» **How to complete this task**
There are pictures in the records below; leave them out and set down exactly the lines from the one holding "I lavori per" through the one holding "Het perceel waarop".
Segment Start: Extracted data
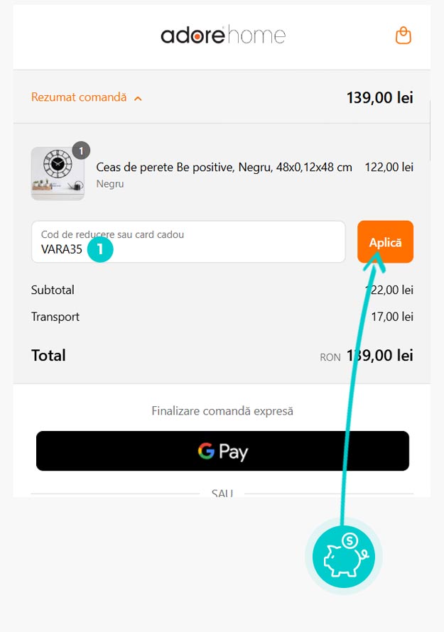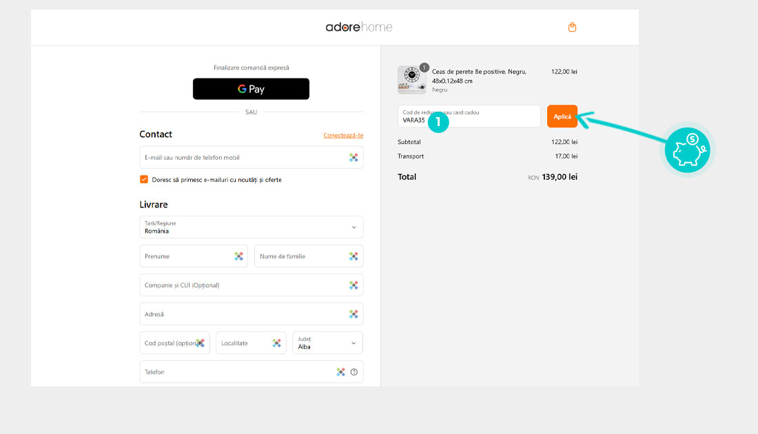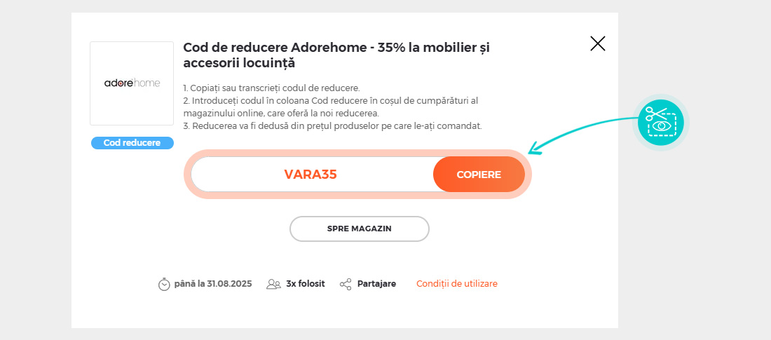 Copiați sau transcrieți cod reducere și faceți click pe butonul portocaliu „Transfer în magazin“, ulterior veți fi redirecționat direct în magazinul online Adorehome.ro
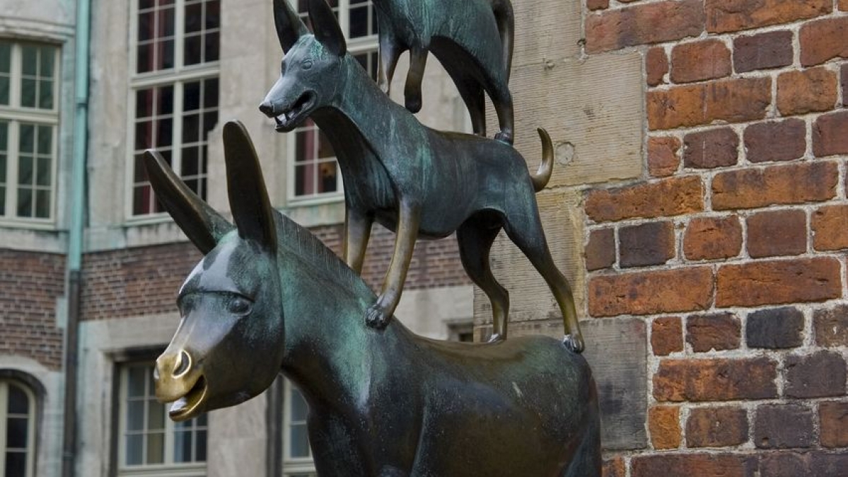 An der linken Seite des Bremer Rathauses steht eine zwei Meter hohe Bronzestatue von Gerhard Marcks, aufgestellt 1953. Der Titel "Die Bremer Stadtmusikanten" satmmt aus einem Märchens der Brüder Grimm. Es spielt im niedersächsischen Umland von Bremen. Esel, Hund, Katze, Hahn fliehen vor ihren Besitzern, weil sie getötet werden sollen. Sie treffen sich zufällig und folgen dem Vorschlag des Esels, in Bremen Stadtmusikanten zu werden.
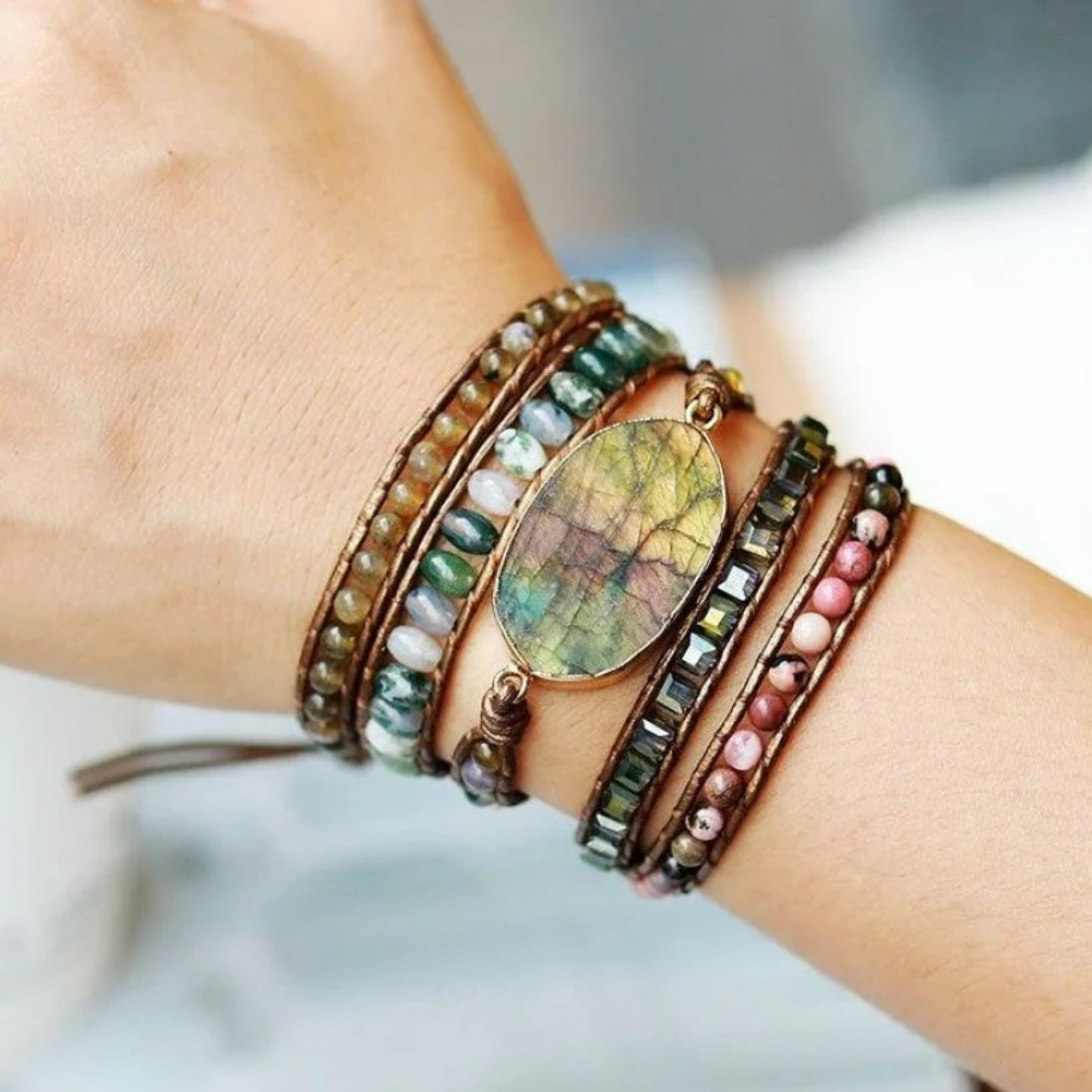 Today, I want to introduce you to one of my newest creations — a powerful trio wrapped into one handcrafted bracelet: Labradorite, Rhodochrosite, and Moss Agate. Together, they form what I call the Celestial Path Protection Wrap Bracelet.
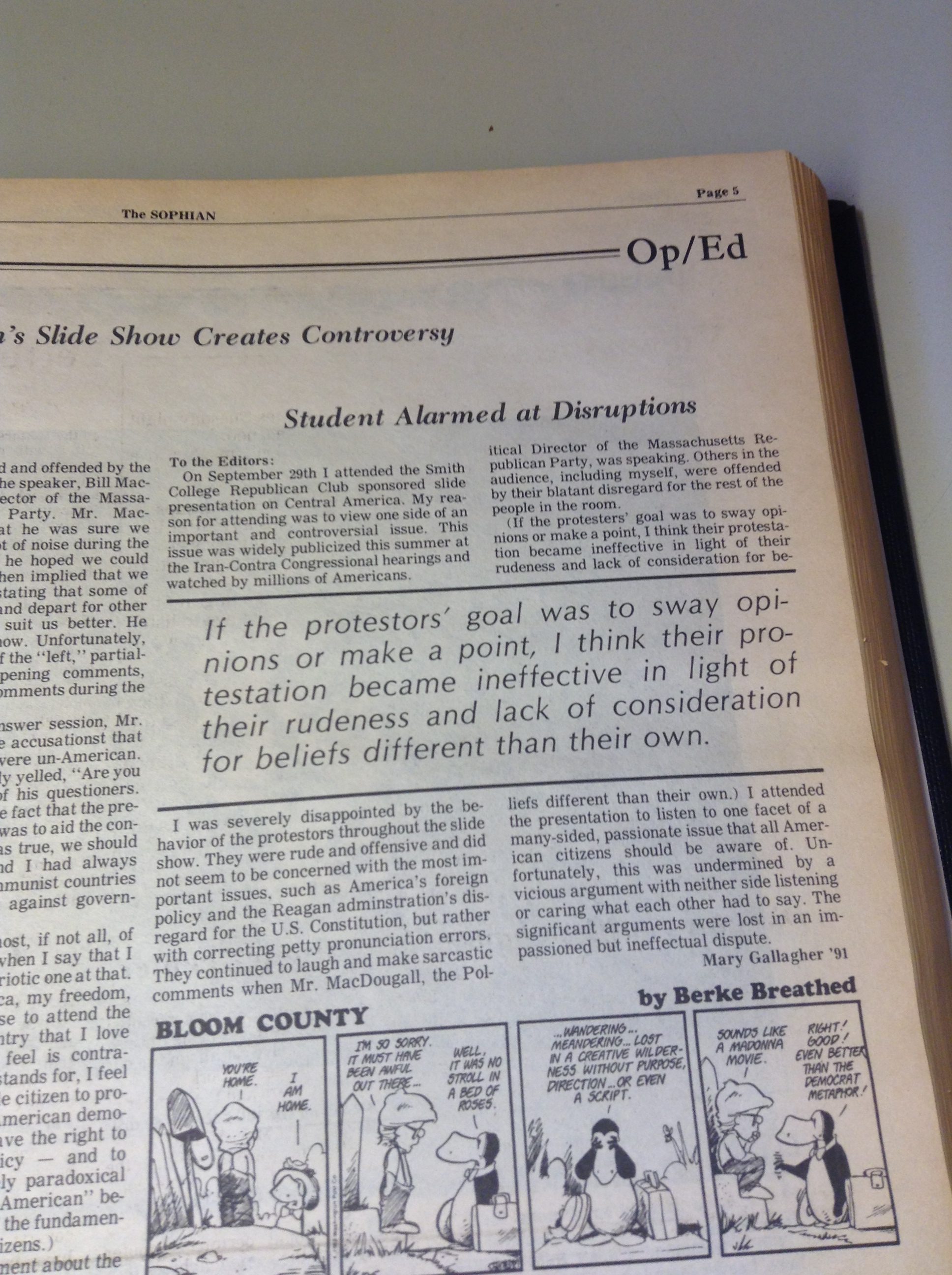 (De)segregation 1957 1958 1961 1963 1965 1966 1967 1968 1969 1970 1972 1986 1988 1989 1990 1994 1995 1996 2002 2012 2014 Abroad Affirmative Action Apartheid in South Africa Asian Students’ Association (ASA) Black Students Black Students' Alliance (BSA) Civil Rights Committee on Community Policy (CCP) Concerned Students of All Colors (CSAC) Hate Incident Institutional Action Institutional Discourse International Students International Students’ Organization (ISO) Korean American Students of Smith (KASS) Nosotras [LASO] Smith African Students’ Association (SASA) South Asian Students' Association of Smith (EKTA) Student Demands Student Protests Student Voices Vietnam War Weaving Voices
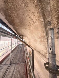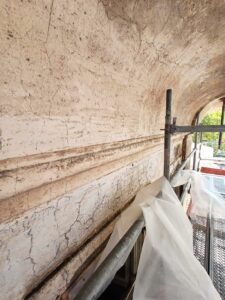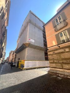 I lavori per l’edificazione della chiesa, della Casa e dell’Oratorio di Santa Maria del Suffragio iniziarono nel 1616, su progetto di Carlo Rainaldi, con elargizione del cardinale Bartolomeo Ruspoli, per la Confraternita del Suffragio che fin dall’anno 1592 si riuniva nella vicina chiesa di San Biagio. Terminati nel 1669, nel 1874 la chiesa fu restaurata dall’Armellini. Le facciate del convento presentano un impianto compositivo molto semplice: il fondo in intonaco liscio è scandito da cinque ordini di aperture regolari incorniciate da fasce in travertino ed è coronato da un semplice cornicione a guscio. Sulla facciata prospiciente via Giulia tutte e tre le finestre del terzo ordine, orbate già in antico, presentano tracce di decorazioni policrome a trompe-l’oeil raffiguranti infissi dipinti. L’intervento nella chiesa di Santa Maria del Suffragio prevede il restauro delle facciate del complesso conventuale su via Giulia e su via dei Bresciani e il restauro della copertura lignea.
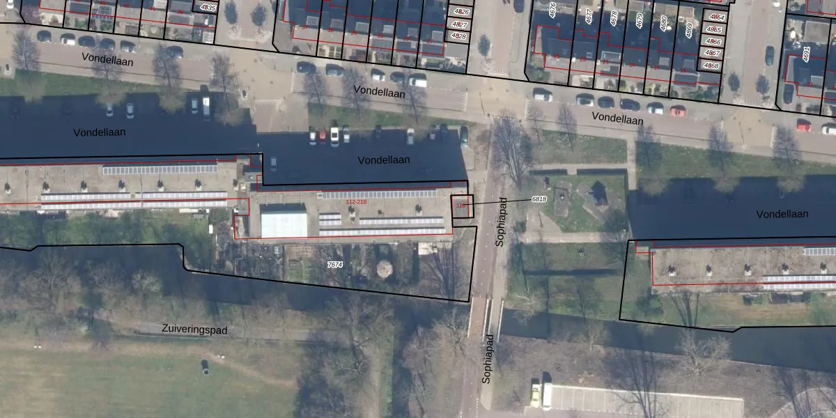 Het perceel waarop Vondellaan 114 staat heeft een oppervlakte van 3044 m². Dit is een zeer groot perceel. De perceeloppervlakte wordt geregistreerd door het Kadaster. Gedetailleerde informatie over de maten van dit perceel kunt u vinden in het rapport Kadastrale kaart met maatvoering van Vondellaan 114.
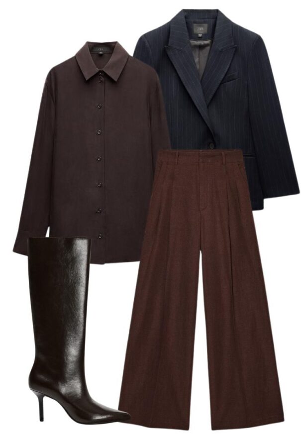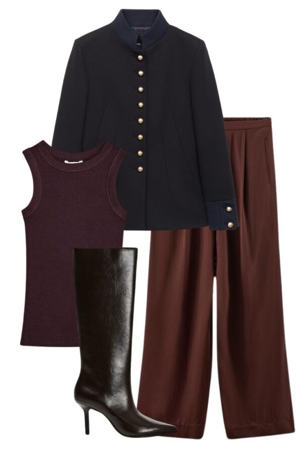 E ora passiamo al secondo outfit, che mischia Zara e Mango in un modo furbo e, diciamolo, super riuscito. Qui il pezzo forte è la giacca di Mango, con il collo alla coreana increspato e quei bottoni gioiello che, senza strafare, fanno la differenza. È una giacca che si nota ma resta elegante, non ti mangia il look. Sotto, da Zara, ci butti dei pantaloni morbidi in viscosa satinata, che sono una goduria da portare, perché hanno l’elastico dietro e non ti costringono la vita. La t-shirt a costine giromanica, semplice semplice, tiene tutto leggero e fresco, senza togliere carattere all’insieme. Ai piedi di nuovo gli stivali sottili, in una sfumatura calda di marrone, perfetti per riprendere i colori della giacca.
Segment End: Extracted data
» **Solution to the problem**
 I lavori per l’edificazione della chiesa, della Casa e dell’Oratorio di Santa Maria del Suffragio iniziarono nel 1616, su progetto di Carlo Rainaldi, con elargizione del cardinale Bartolomeo Ruspoli, per la Confraternita del Suffragio che fin dall’anno 1592 si riuniva nella vicina chiesa di San Biagio. Terminati nel 1669, nel 1874 la chiesa fu restaurata dall’Armellini. Le facciate del convento presentano un impianto compositivo molto semplice: il fondo in intonaco liscio è scandito da cinque ordini di aperture regolari incorniciate da fasce in travertino ed è coronato da un semplice cornicione a guscio. Sulla facciata prospiciente via Giulia tutte e tre le finestre del terzo ordine, orbate già in antico, presentano tracce di decorazioni policrome a trompe-l’oeil raffiguranti infissi dipinti. L’intervento nella chiesa di Santa Maria del Suffragio prevede il restauro delle facciate del complesso conventuale su via Giulia e su via dei Bresciani e il restauro della copertura lignea.
 Het perceel waarop Vondellaan 114 staat heeft een oppervlakte van 3044 m². Dit is een zeer groot perceel. De perceeloppervlakte wordt geregistreerd door het Kadaster. Gedetailleerde informatie over de maten van dit perceel kunt u vinden in het rapport Kadastrale kaart met maatvoering van Vondellaan 114.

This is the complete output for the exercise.